▶ [WHAT IS EXPECTED]
For this exercise, retype each line of the material below verbatim and omit any picture.

▶ [INPUT DATA]
───

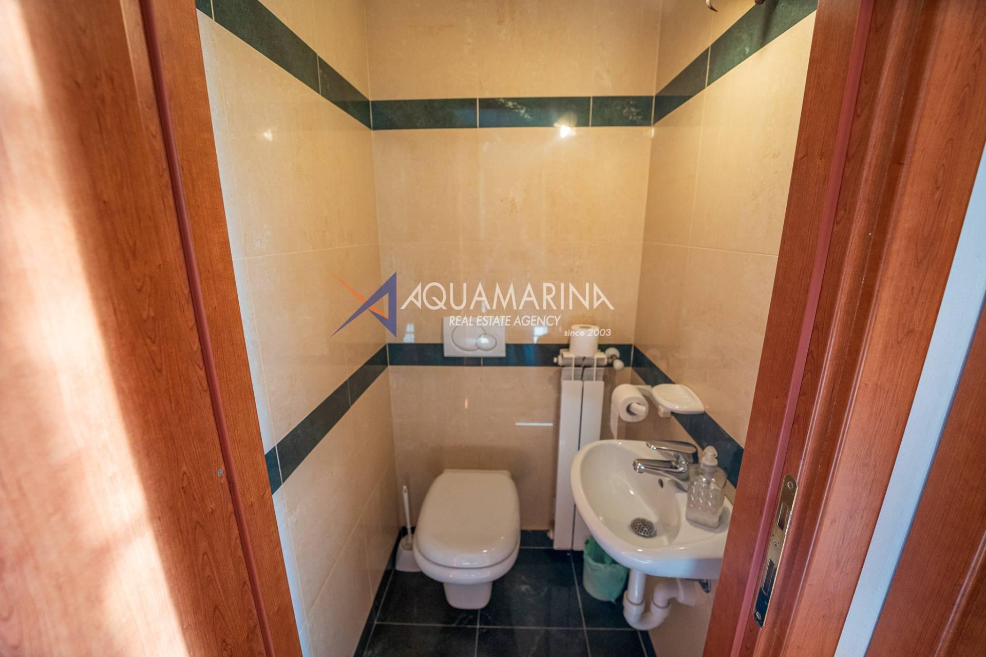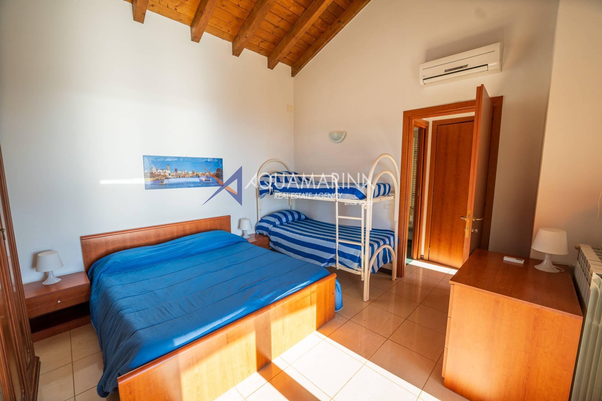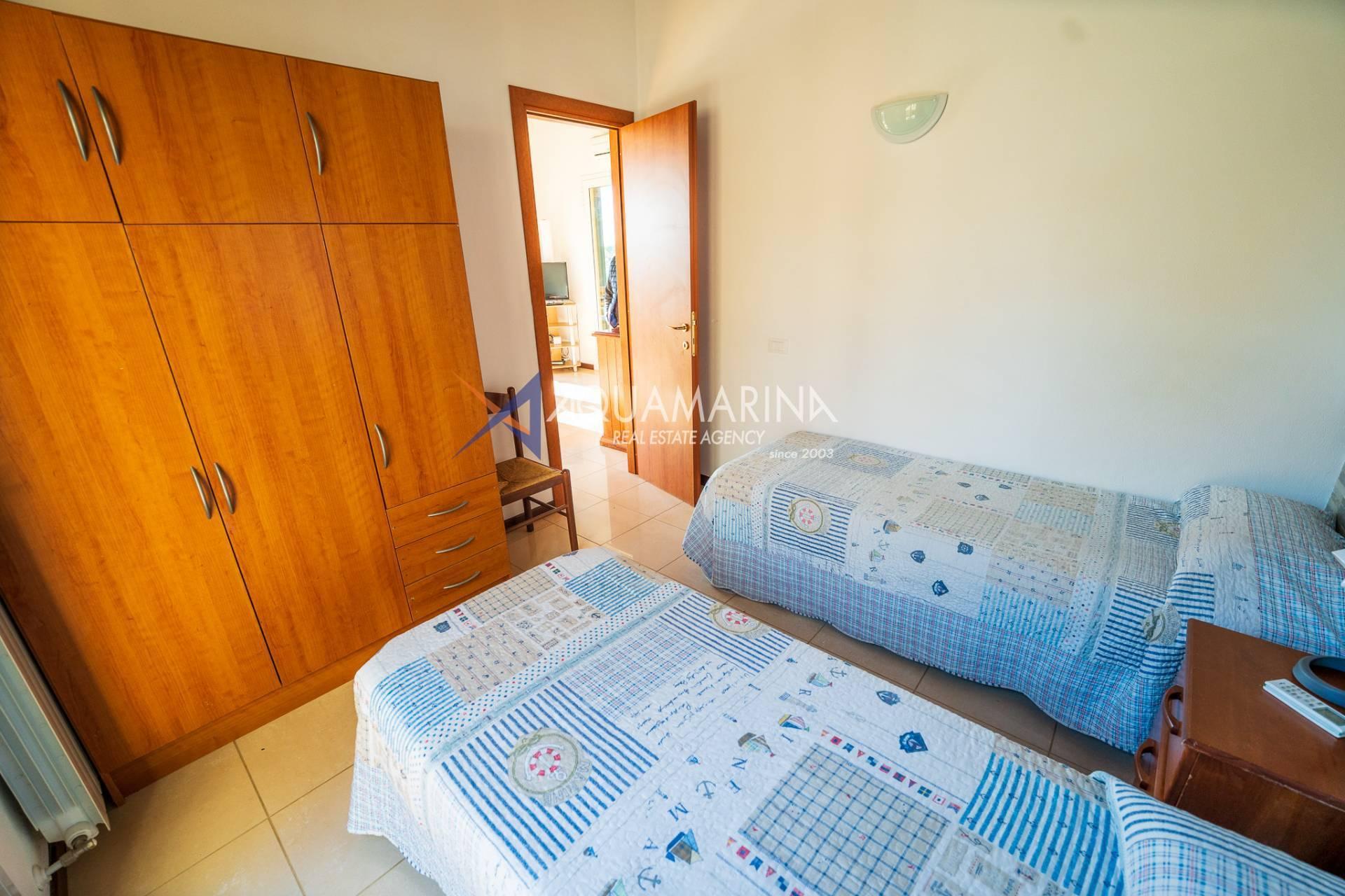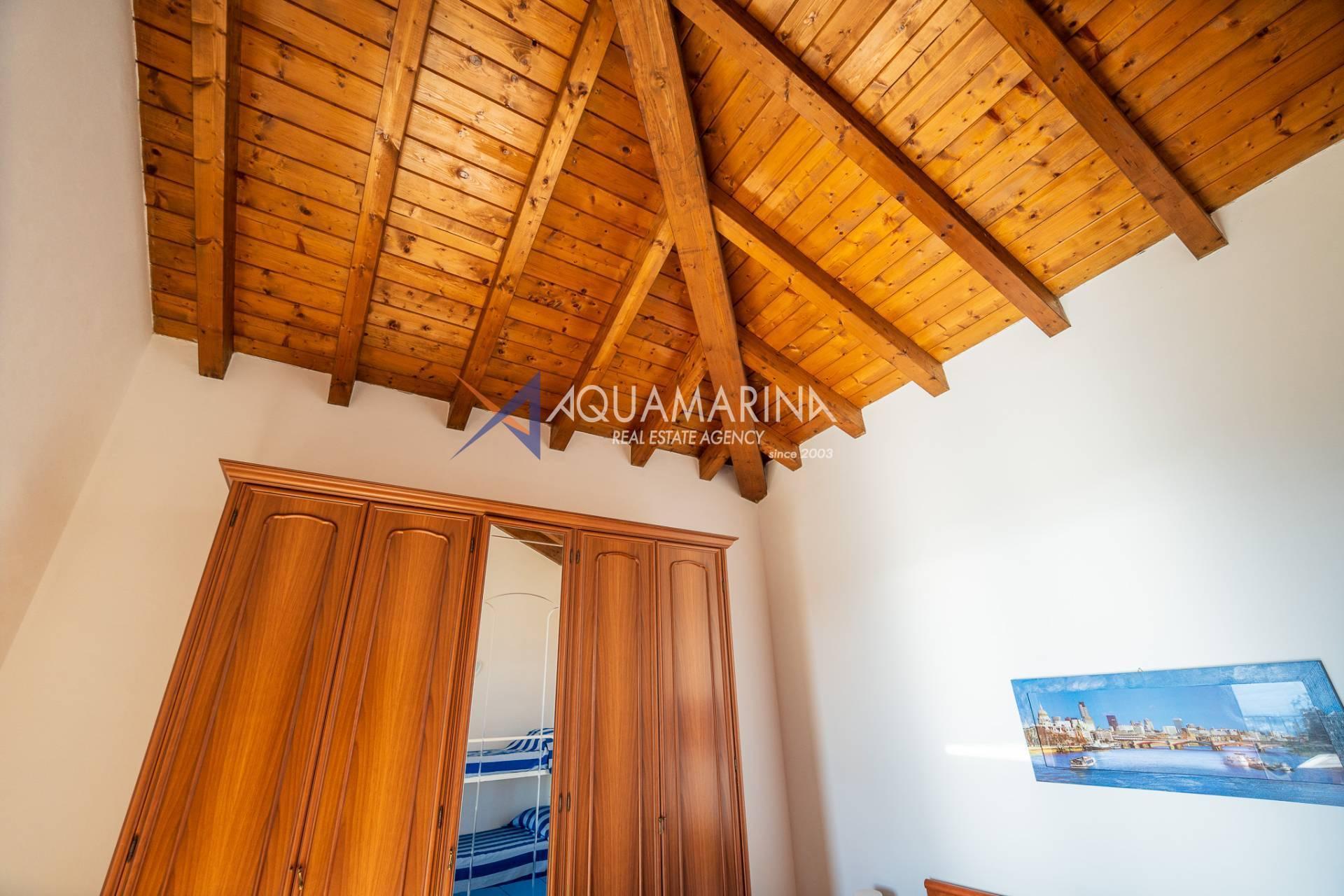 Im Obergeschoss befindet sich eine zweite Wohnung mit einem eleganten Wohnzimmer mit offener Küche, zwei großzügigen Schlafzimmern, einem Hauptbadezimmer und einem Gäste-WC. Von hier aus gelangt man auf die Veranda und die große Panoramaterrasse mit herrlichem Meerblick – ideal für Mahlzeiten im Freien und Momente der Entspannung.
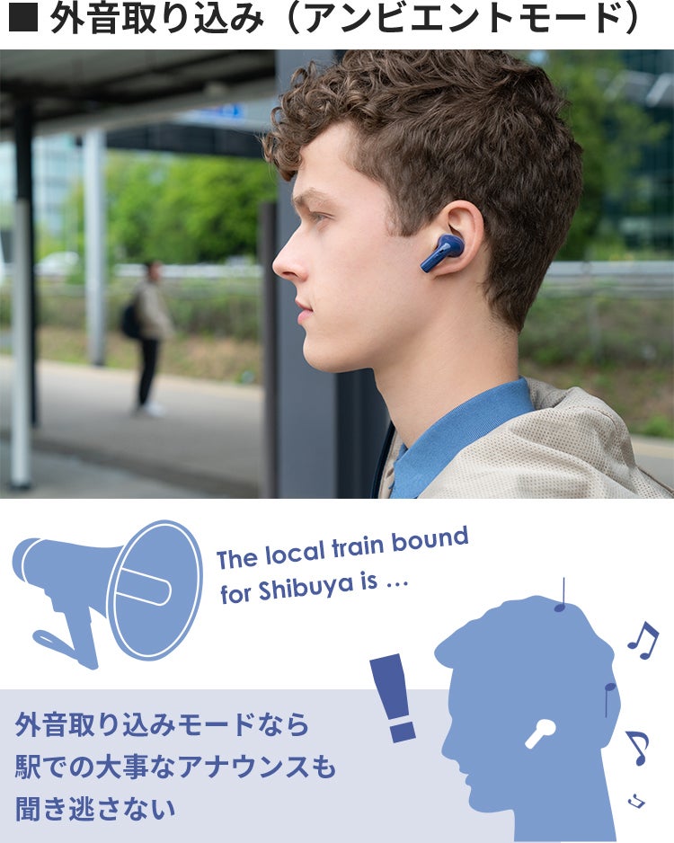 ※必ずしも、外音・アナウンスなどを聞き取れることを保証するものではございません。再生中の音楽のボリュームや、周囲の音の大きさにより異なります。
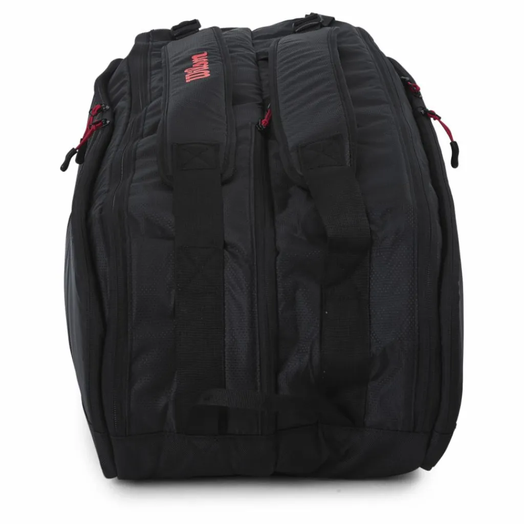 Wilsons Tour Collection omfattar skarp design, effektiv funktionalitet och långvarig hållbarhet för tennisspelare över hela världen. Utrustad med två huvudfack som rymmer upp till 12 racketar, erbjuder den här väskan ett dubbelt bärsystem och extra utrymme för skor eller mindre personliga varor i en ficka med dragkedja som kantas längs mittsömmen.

───

▶ [YOUR SOLUTION]
 Im Obergeschoss befindet sich eine zweite Wohnung mit einem eleganten Wohnzimmer mit offener Küche, zwei großzügigen Schlafzimmern, einem Hauptbadezimmer und einem Gäste-WC. Von hier aus gelangt man auf die Veranda und die große Panoramaterrasse mit herrlichem Meerblick – ideal für Mahlzeiten im Freien und Momente der Entspannung.
 ※必ずしも、外音・アナウンスなどを聞き取れることを保証するものではございません。再生中の音楽のボリュームや、周囲の音の大きさにより異なります。
 Wilsons Tour Collection omfattar skarp design, effektiv funktionalitet och långvarig hållbarhet för tennisspelare över hela världen. Utrustad med två huvudfack som rymmer upp till 12 racketar, erbjuder den här väskan ett dubbelt bärsystem och extra utrymme för skor eller mindre personliga varor i en ficka med dragkedja som kantas längs mittsömmen.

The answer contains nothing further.